● **PROBLEM STATEMENT**
Only the lines below from the one with "女子向けラノベタイトル風あだ名 | 『乙女ゲームの破滅フラグしかない悪役はりがやに転生してしまった…』 |" through the one with "Gomez and Morticia" are to be written out, exactly and without any images.

● **MATERIAL FOR THE TASK**
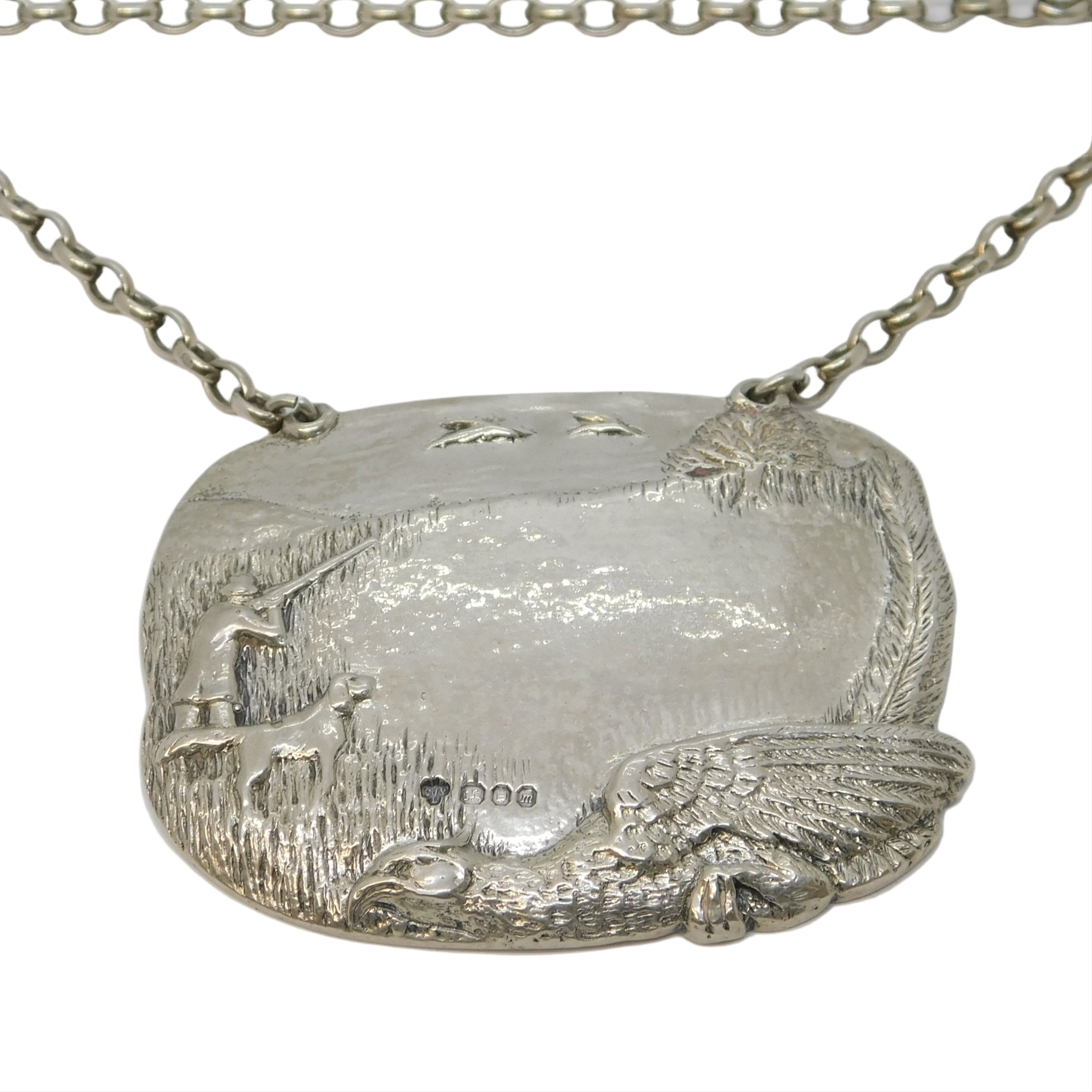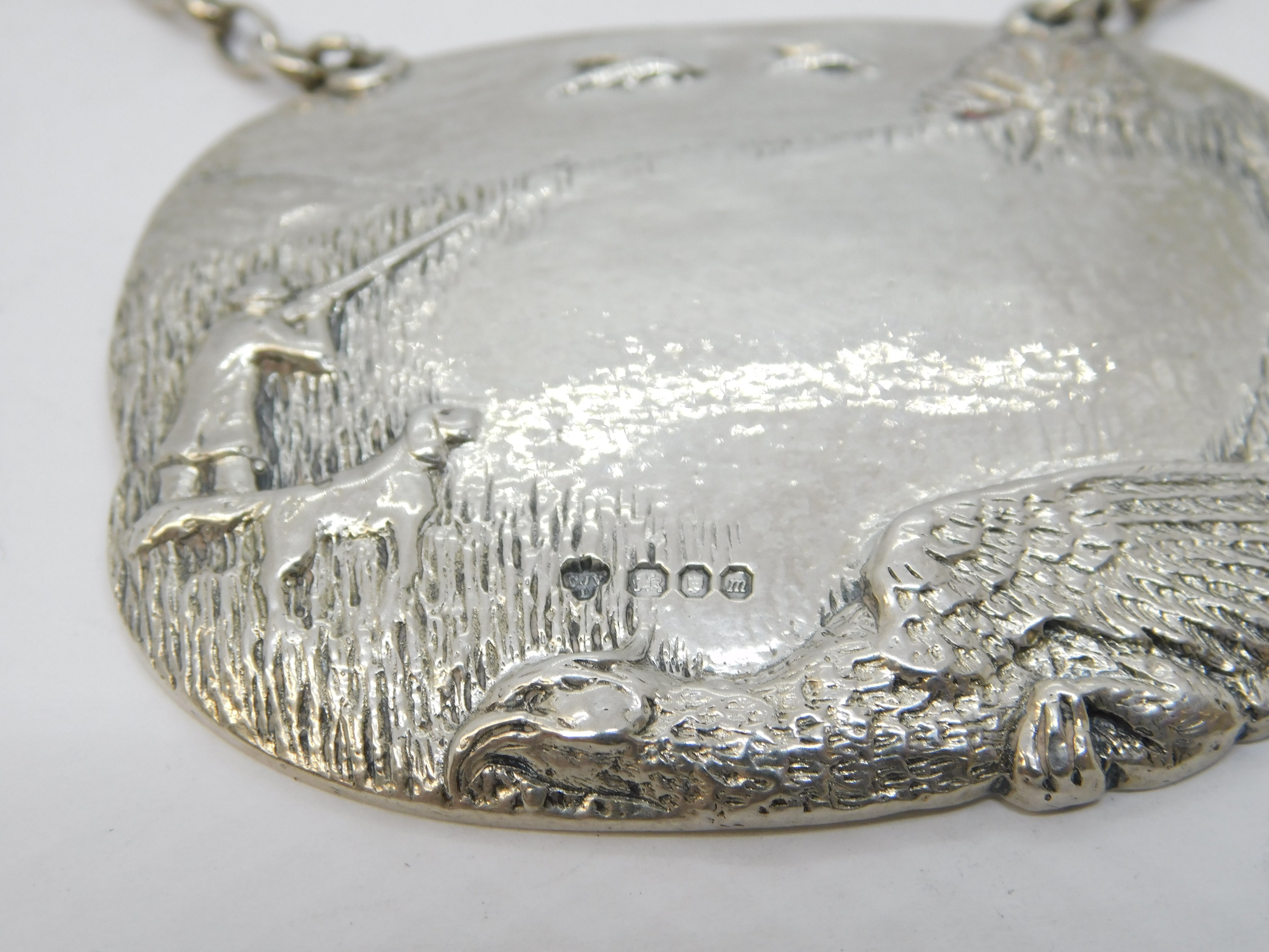 Details: A fantastic and wonderfully designed large vintage heavy cast sterling silver hunting or shooting interest decanter label with super detailing hallmarked London 1967 by CJ Vander for Dunhill. This is a wonderful item that would make a perfect gift or addition to any collection.
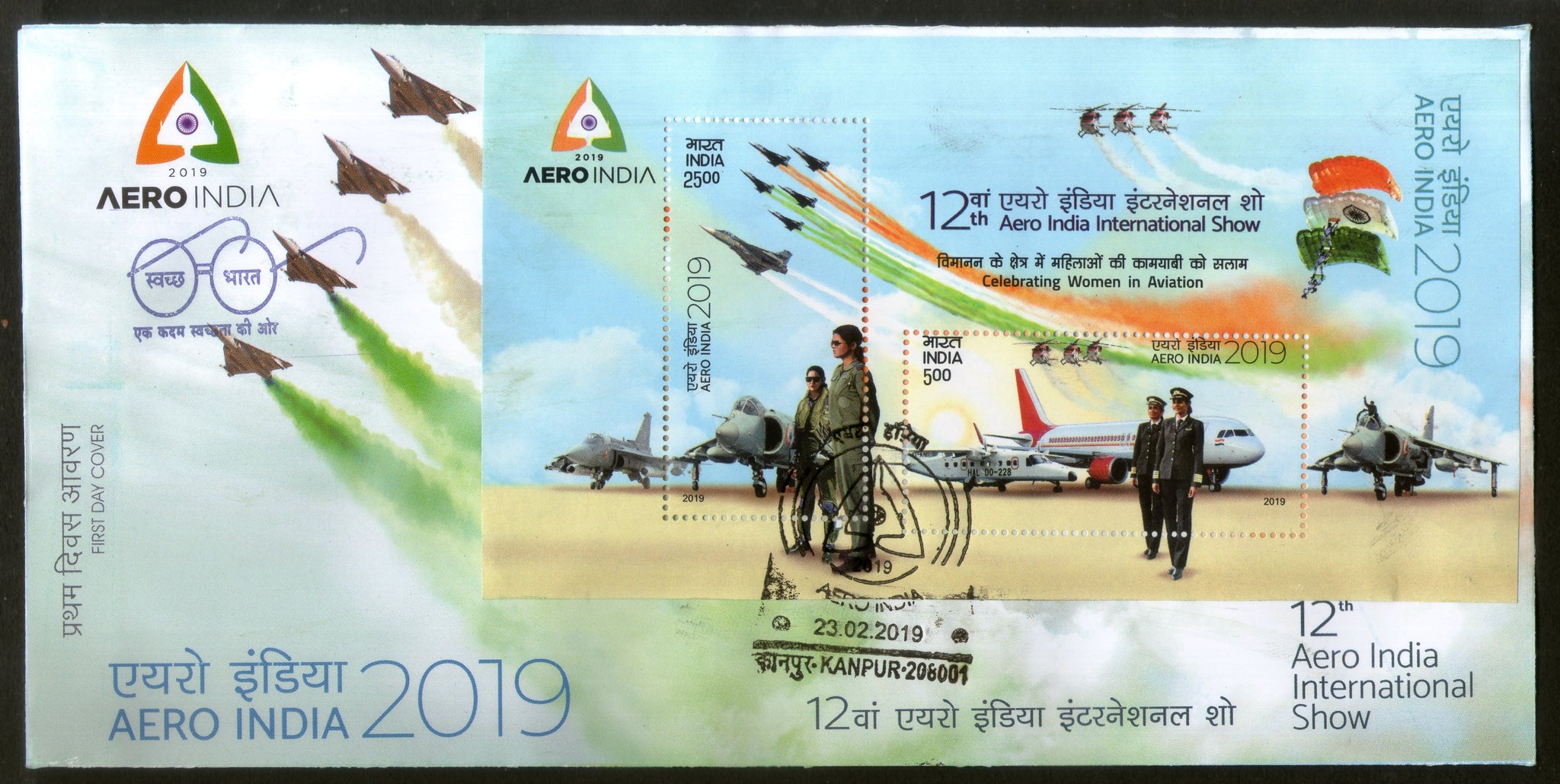 India 2019 Aero India Women in Aviation Aeroplane Transport Flag M/s on FDC
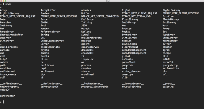 This discoverability also works on the global level itself. If you double TAB on an empty line, everything that is globally available in Node appears. This is a big list, but it’s a useful one:
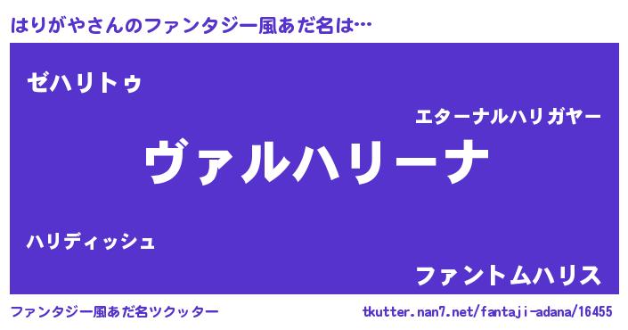 | 女子向けラノベタイトル風あだ名 | 『乙女ゲームの破滅フラグしかない悪役はりがやに転生してしまった…』 |
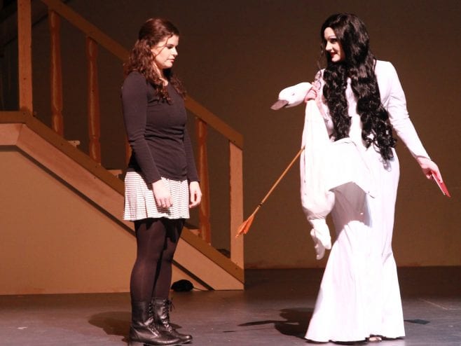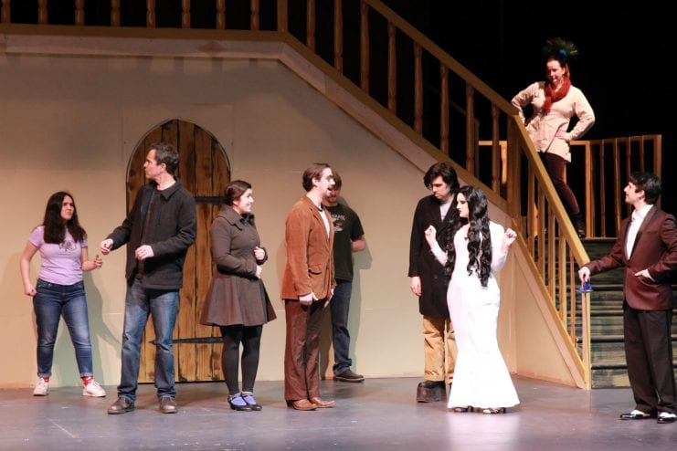 Gomez and Morticia Addams (played by Christian Litten and Bailey Craig) argue about their daughter Wednesday (Photo/KCAW/Katherine Rose)
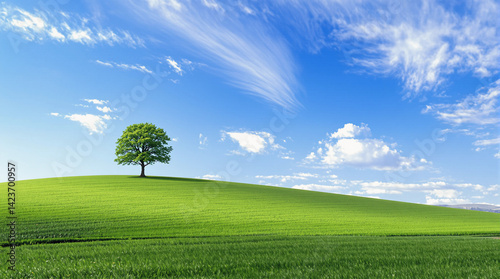 The watermark will not be included on Wall mural.: Tree is standing in a grassy field with a clear blue sky above it
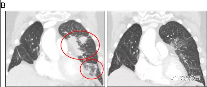 患者2对奥希替尼和BLU-667的治疗反应,与基线(左)相比,左上叶和左下叶肺混浊(右;圈出)有显著改善。

● **REPLY TO THE EXERCISE**
 | 女子向けラノベタイトル風あだ名 | 『乙女ゲームの破滅フラグしかない悪役はりがやに転生してしまった…』 |
 Gomez and Morticia Addams (played by Christian Litten and Bailey Craig) argue about their daughter Wednesday (Photo/KCAW/Katherine Rose)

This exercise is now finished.